* Materials provided:
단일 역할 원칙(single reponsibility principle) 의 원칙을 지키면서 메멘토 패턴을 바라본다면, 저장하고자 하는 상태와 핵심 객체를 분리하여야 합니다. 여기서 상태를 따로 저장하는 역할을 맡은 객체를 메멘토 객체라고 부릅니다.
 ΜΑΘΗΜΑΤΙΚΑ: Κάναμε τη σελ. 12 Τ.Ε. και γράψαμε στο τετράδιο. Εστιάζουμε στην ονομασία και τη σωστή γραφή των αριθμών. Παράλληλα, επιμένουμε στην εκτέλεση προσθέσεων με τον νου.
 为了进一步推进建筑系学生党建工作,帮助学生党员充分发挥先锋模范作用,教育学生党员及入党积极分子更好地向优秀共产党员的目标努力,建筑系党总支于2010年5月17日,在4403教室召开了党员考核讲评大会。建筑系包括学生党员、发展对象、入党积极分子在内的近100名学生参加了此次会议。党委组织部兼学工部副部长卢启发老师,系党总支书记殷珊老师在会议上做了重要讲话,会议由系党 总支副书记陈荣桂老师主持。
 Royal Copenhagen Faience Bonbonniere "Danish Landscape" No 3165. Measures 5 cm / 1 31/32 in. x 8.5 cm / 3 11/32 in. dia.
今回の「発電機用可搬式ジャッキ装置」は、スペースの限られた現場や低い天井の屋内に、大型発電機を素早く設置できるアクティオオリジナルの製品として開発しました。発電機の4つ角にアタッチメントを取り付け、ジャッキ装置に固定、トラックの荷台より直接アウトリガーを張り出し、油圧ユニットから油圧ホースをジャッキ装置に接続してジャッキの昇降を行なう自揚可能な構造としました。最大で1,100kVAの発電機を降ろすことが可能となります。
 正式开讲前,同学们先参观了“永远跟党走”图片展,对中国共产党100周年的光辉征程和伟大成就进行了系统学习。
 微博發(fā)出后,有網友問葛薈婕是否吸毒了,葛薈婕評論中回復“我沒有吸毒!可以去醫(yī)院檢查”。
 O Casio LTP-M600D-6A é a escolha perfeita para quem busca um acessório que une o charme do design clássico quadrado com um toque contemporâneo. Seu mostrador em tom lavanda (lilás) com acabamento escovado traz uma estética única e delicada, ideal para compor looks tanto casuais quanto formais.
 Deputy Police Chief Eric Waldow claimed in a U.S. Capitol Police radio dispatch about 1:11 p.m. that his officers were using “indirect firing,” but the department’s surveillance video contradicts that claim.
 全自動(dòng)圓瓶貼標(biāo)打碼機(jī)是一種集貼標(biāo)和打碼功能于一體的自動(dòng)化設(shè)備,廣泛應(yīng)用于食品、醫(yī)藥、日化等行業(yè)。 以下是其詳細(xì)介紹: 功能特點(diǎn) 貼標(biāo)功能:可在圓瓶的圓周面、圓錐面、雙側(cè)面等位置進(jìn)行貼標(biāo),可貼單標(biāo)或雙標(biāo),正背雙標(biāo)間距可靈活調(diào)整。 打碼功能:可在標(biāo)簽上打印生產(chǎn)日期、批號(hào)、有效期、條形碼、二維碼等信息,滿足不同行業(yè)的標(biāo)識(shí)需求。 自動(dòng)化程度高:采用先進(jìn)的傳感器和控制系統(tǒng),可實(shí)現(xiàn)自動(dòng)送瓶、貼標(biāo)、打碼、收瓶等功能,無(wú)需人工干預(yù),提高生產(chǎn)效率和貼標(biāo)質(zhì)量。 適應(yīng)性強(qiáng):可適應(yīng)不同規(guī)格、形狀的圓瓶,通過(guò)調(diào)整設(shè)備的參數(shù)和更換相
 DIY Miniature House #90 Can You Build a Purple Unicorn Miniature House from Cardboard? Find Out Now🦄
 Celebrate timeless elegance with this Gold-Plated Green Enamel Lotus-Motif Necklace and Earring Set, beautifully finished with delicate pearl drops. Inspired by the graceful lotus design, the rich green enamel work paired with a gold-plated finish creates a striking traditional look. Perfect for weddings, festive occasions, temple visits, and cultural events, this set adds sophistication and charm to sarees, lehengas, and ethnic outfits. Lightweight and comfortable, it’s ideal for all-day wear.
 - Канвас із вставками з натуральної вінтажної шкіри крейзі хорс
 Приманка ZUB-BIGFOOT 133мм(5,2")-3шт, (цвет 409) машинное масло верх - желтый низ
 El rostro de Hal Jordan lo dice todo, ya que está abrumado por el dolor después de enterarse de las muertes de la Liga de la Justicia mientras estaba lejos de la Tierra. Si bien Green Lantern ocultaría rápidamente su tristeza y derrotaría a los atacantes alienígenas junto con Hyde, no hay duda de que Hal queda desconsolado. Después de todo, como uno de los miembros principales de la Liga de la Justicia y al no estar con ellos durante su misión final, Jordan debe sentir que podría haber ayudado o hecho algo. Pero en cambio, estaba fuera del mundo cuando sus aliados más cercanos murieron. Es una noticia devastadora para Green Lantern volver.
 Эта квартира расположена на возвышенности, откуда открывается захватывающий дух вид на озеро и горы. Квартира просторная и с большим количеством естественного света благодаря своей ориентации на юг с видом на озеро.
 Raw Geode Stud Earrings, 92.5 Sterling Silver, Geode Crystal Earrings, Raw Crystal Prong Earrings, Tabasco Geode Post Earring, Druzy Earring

* Work order: Starting at the line above that holds "今回の「発電機用可搬式ジャッ" and ending at the line that holds "DIY Miniature House", transcribe each line exactly and include no other lines.

* Final answer:
今回の「発電機用可搬式ジャッキ装置」は、スペースの限られた現場や低い天井の屋内に、大型発電機を素早く設置できるアクティオオリジナルの製品として開発しました。発電機の4つ角にアタッチメントを取り付け、ジャッキ装置に固定、トラックの荷台より直接アウトリガーを張り出し、油圧ユニットから油圧ホースをジャッキ装置に接続してジャッキの昇降を行なう自揚可能な構造としました。最大で1,100kVAの発電機を降ろすことが可能となります。
 正式开讲前,同学们先参观了“永远跟党走”图片展,对中国共产党100周年的光辉征程和伟大成就进行了系统学习。
 微博發(fā)出后,有網友問葛薈婕是否吸毒了,葛薈婕評論中回復“我沒有吸毒!可以去醫(yī)院檢查”。
 O Casio LTP-M600D-6A é a escolha perfeita para quem busca um acessório que une o charme do design clássico quadrado com um toque contemporâneo. Seu mostrador em tom lavanda (lilás) com acabamento escovado traz uma estética única e delicada, ideal para compor looks tanto casuais quanto formais.
 Deputy Police Chief Eric Waldow claimed in a U.S. Capitol Police radio dispatch about 1:11 p.m. that his officers were using “indirect firing,” but the department’s surveillance video contradicts that claim.
 全自動(dòng)圓瓶貼標(biāo)打碼機(jī)是一種集貼標(biāo)和打碼功能于一體的自動(dòng)化設(shè)備,廣泛應(yīng)用于食品、醫(yī)藥、日化等行業(yè)。 以下是其詳細(xì)介紹: 功能特點(diǎn) 貼標(biāo)功能:可在圓瓶的圓周面、圓錐面、雙側(cè)面等位置進(jìn)行貼標(biāo),可貼單標(biāo)或雙標(biāo),正背雙標(biāo)間距可靈活調(diào)整。 打碼功能:可在標(biāo)簽上打印生產(chǎn)日期、批號(hào)、有效期、條形碼、二維碼等信息,滿足不同行業(yè)的標(biāo)識(shí)需求。 自動(dòng)化程度高:采用先進(jìn)的傳感器和控制系統(tǒng),可實(shí)現(xiàn)自動(dòng)送瓶、貼標(biāo)、打碼、收瓶等功能,無(wú)需人工干預(yù),提高生產(chǎn)效率和貼標(biāo)質(zhì)量。 適應(yīng)性強(qiáng):可適應(yīng)不同規(guī)格、形狀的圓瓶,通過(guò)調(diào)整設(shè)備的參數(shù)和更換相
 DIY Miniature House #90 Can You Build a Purple Unicorn Miniature House from Cardboard? Find Out Now🦄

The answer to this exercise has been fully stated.